*** Entries shown ***

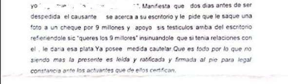 Las denuncias de la víctima son gravísimas. El relato que sigue es uno de los tantos que involucra al sindicalista local: la denunciante «Manifiesta que dos días antes de ser despedida el causante se acerca a su escritorio y le pide que le saque una foto a un cheque por 9 millones y apoya sus testículos arriba del escritorio refiriéndole sic «querés los 9 millones» insinuándole que si tenía relaciones con él, le daría esa plata». Como se advierte en la denuncia, la mujer fue despedida días después.
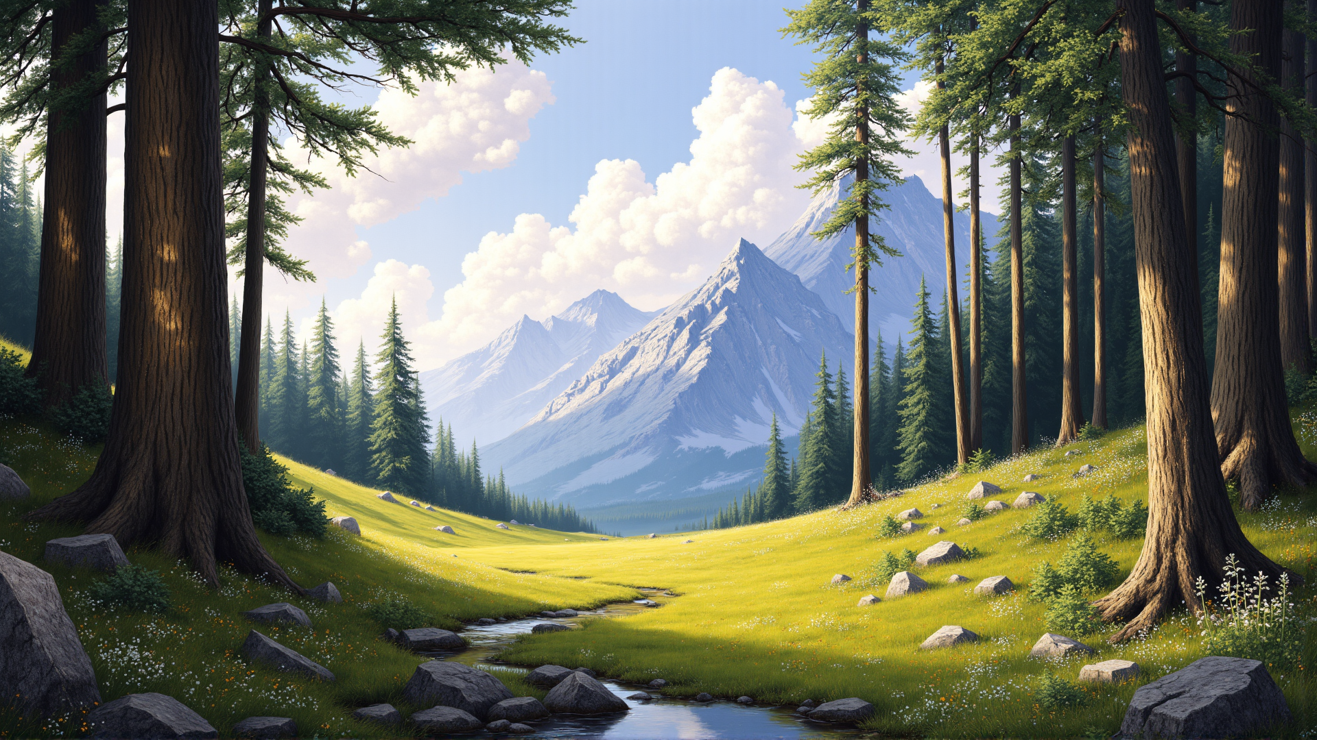 Oil painted a view from the top of the mountain a serene landscape with a clearing in the middle of a mountain range. The clearing is expansive, with lush, green grass and wildflowers scattered across the ground, providing a peaceful contrast to the towering, rugged mountains in the background. On the left side of the clearing, the terrain is open, with gentle slopes leading up to the mountains, while the right side is bordered by a dense forest of tall, ancient trees, their trunks thick and covered in moss. The light filters through the canopy, casting dappled shadows on the forest floor. A few scattered rocks and small streams run through the clearing, adding natural beauty to the scene.
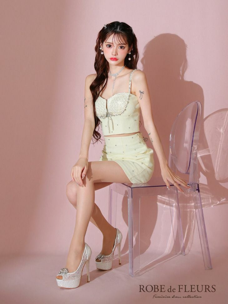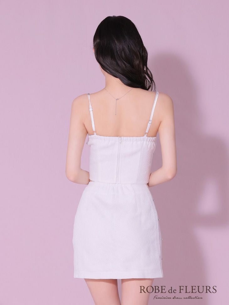 他の画像を見る 透明感溢れる可愛さを演出☆ [ROBEdeFLEURS/ローブドフルール] 高級キラキラビジューバストジップリボンツイードキャミソールセットアップタイトミニドレス ¥ 29,480 税込 在庫切れ お気に入りに追加
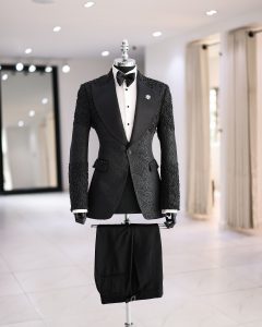 Buy Charcoal Black floral jacquard, peak lapel tuxedo suit in Lagos, Nigeria, Africa, New York, Texas, United Kingdom, USA, Wedding Style
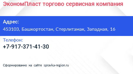 ЭкономПласт, торгово-сервисная компания по адресу 453103, Башкортостан, Стерлитамак, Западная, 16 в дальнейшем Организация, размещена в следующих категориях:
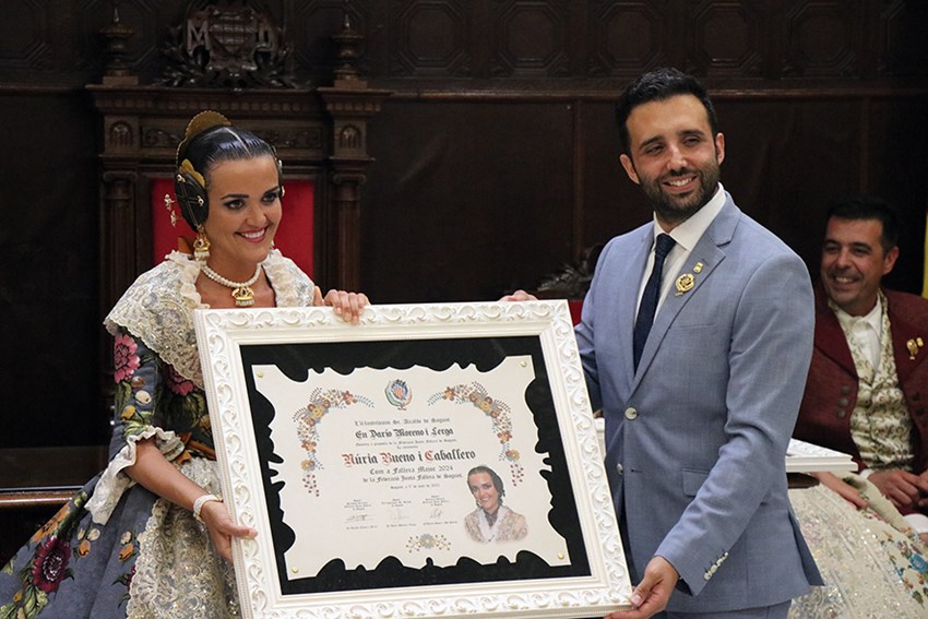 El alcalde de Sagunto manifestó que las Fallas son mucho más que los monumentos efímeros de cartón y madera: «Son el reflejo de nuestra identidad como pueblo. En cada resplandor de la hoguera, en cada chispa que se eleva hacia el cielo, las Fallas se alzan como símbolo de unidad y vínculo entre todos los valencianos. Son el hilo dorado que teje los sueños de un pueblo, la paleta de colores que pinta nuestras calles de pasión y alegría. Como las piezas de un puzle ancestral, las Fallas encajan en cada rincón de nuestra historia, amalgamando tradición y modernidad, pasado, presente y futuro». Darío Moreno también destacó lo que supone ser proclamada Fallera Mayor: «Implica mucho más que llevar una banda, es un compromiso con nuestras raíces, cultura e historia, es llevar en el corazón la pasión de nuestras Fallas y la responsabilidad de transmitir esta pasión a todos aquellos que se acerquen a nosotros».
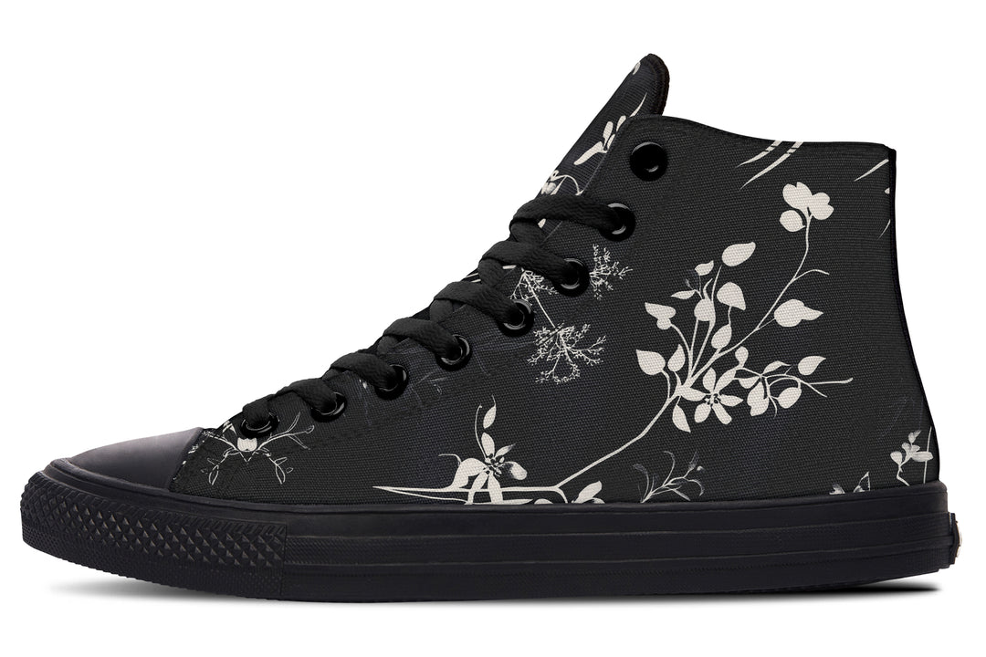 Step between worlds in a pair of Black Delicate High Tops – where hauntingly elegant flora twist through shadow, and you’re always two steps ahead of the mundane.
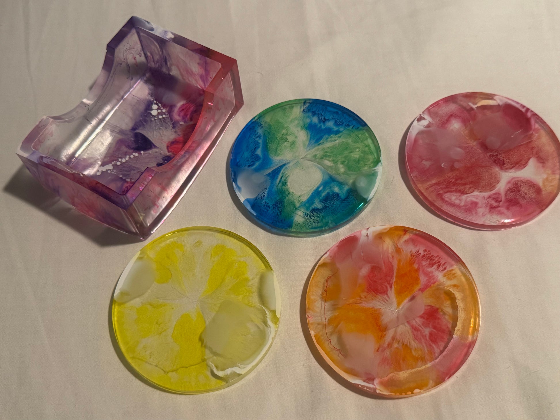 Add a splash of color to your coffee table with our Watercolor Coaster Set. These coasters, designed with vibrant watercolor patterns, come with a stylish holder to keep them organized. Protect your furniture and brighten up your space with a touch of whimsy.
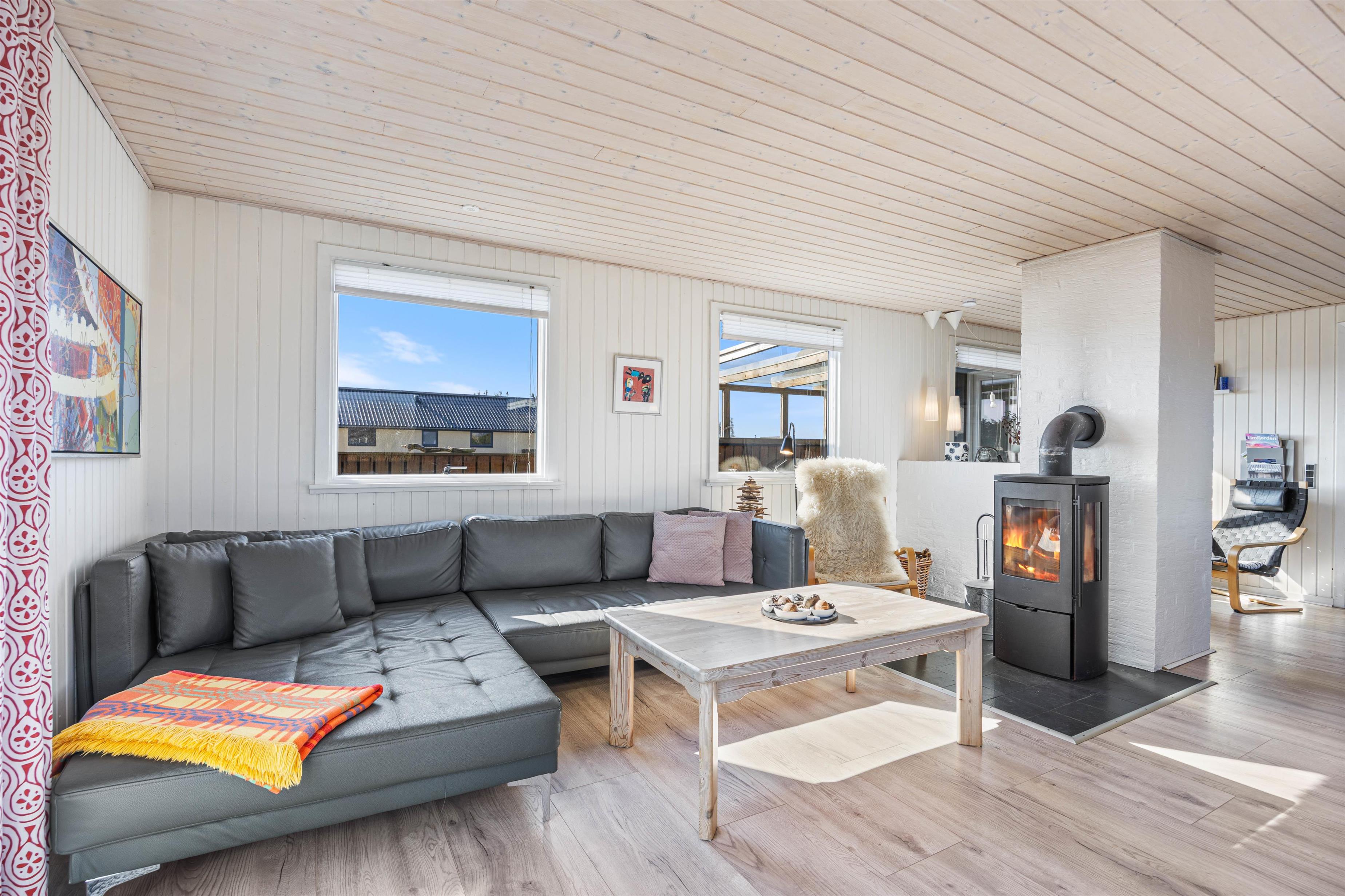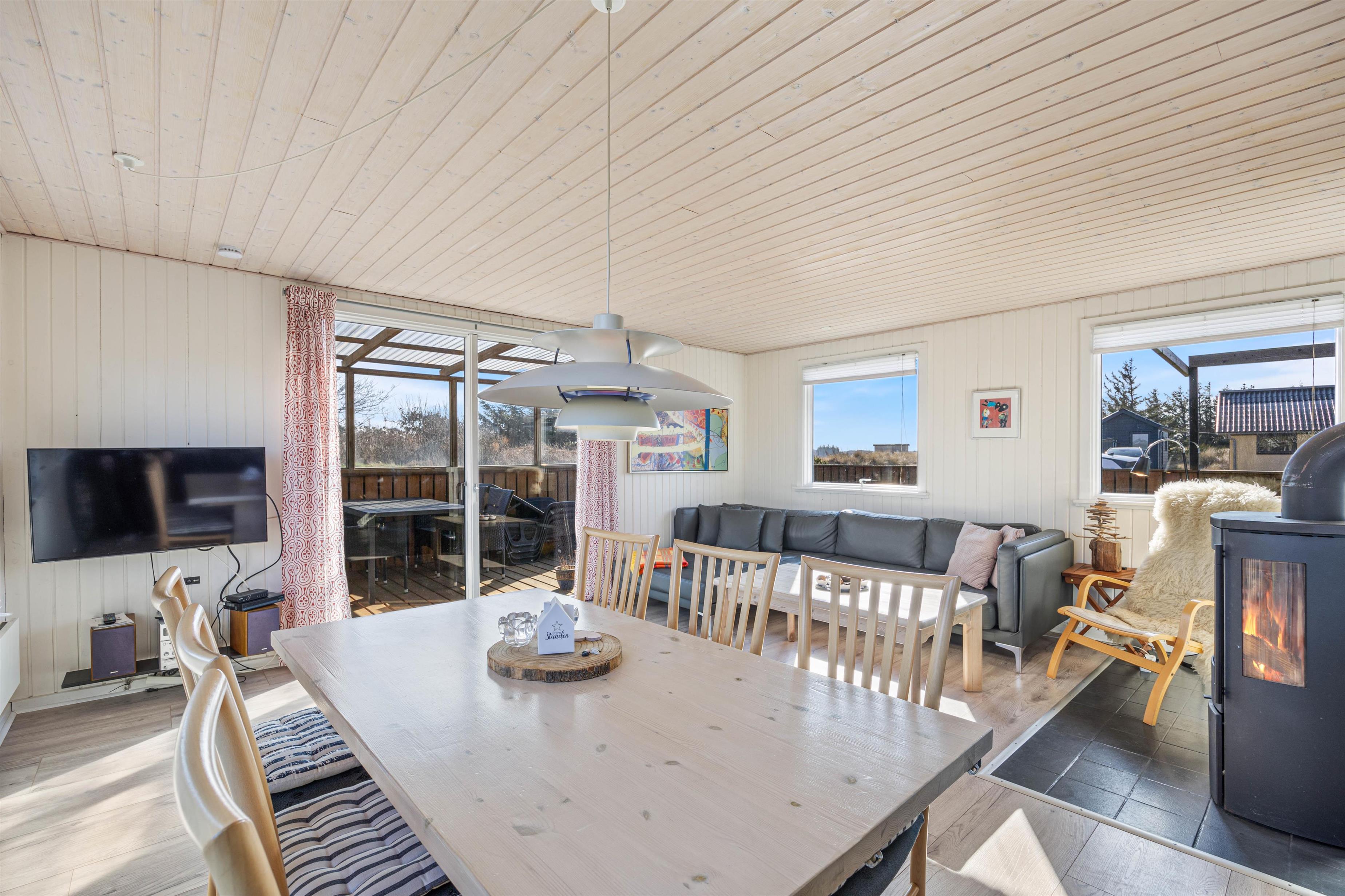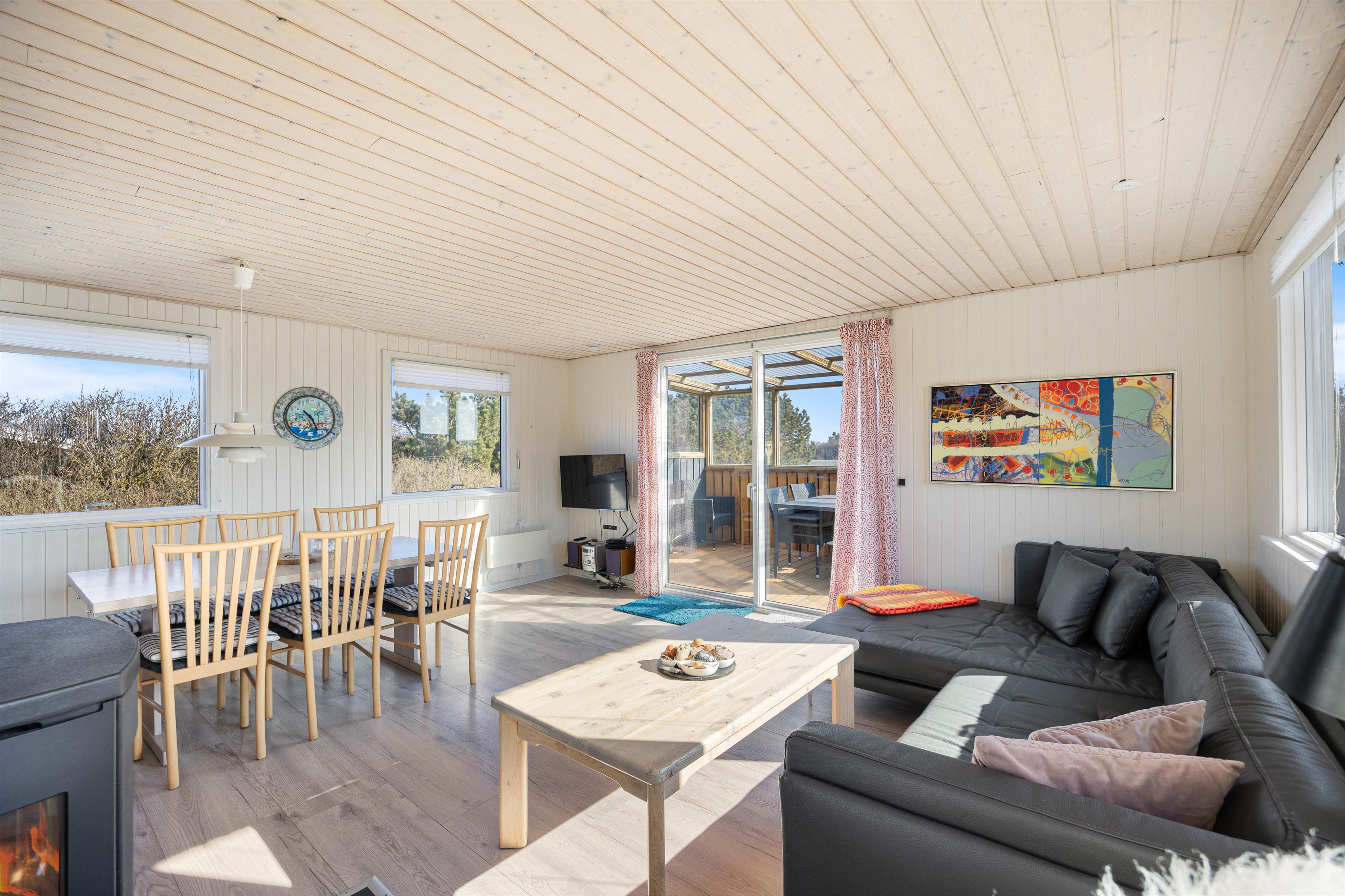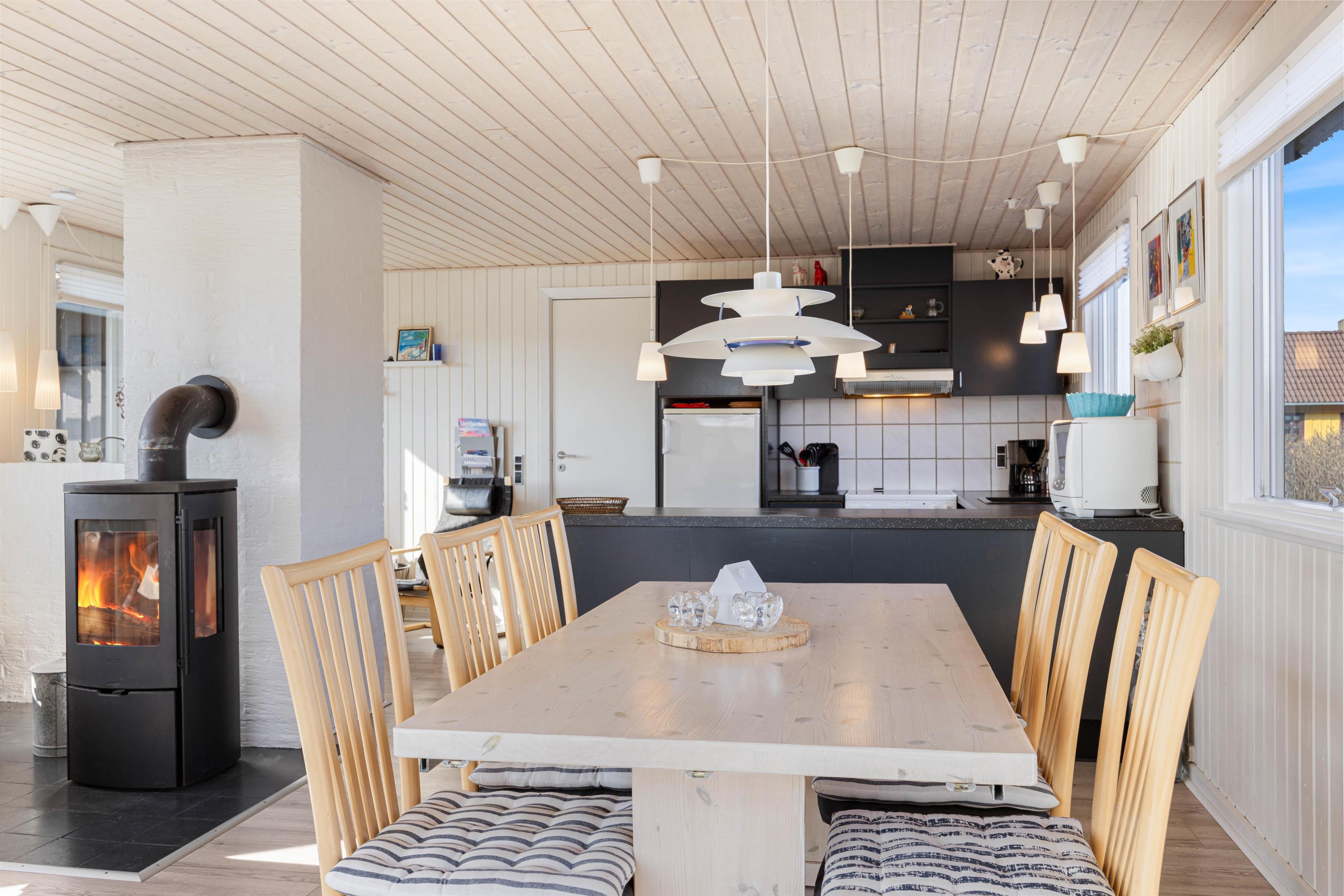 Her føler man sig hjemme straks, man træder ind ad døren. Det fine lysindfald og de hvidmalede, træbeklædte vægge sætter straks feriestemningen i gang. Med ild i brændeovnen kan I her nyde opholdet ved Vesterhavet, selv på stormfulde dage. Stue og køkken er indrettet i åbent plan, så I kan samtale under madlavningen eller trække jer tilbage med en god bog ved varmen fra brændeovnen. Særligt om morgenen, når brændeovnen endnu ikke er tændt, fungerer den energibesparende varmepumpe som en omkostningseffektiv varmekilde.

*** End of Entries shown ***

=== What is being asked ===
Reproduce the listing above exactly from the line containing "他の画像を見る 透明感溢れる可愛さを演出☆ [ROBEdeFLEURS/ローブドフルール]" up to and including the line containing "ЭкономПласт, торгово-сервисная компания", omitting any images and everything outside those lines.

=== Your solution ===
 他の画像を見る 透明感溢れる可愛さを演出☆ [ROBEdeFLEURS/ローブドフルール] 高級キラキラビジューバストジップリボンツイードキャミソールセットアップタイトミニドレス ¥ 29,480 税込 在庫切れ お気に入りに追加
 Buy Charcoal Black floral jacquard, peak lapel tuxedo suit in Lagos, Nigeria, Africa, New York, Texas, United Kingdom, USA, Wedding Style
 ЭкономПласт, торгово-сервисная компания по адресу 453103, Башкортостан, Стерлитамак, Западная, 16 в дальнейшем Организация, размещена в следующих категориях:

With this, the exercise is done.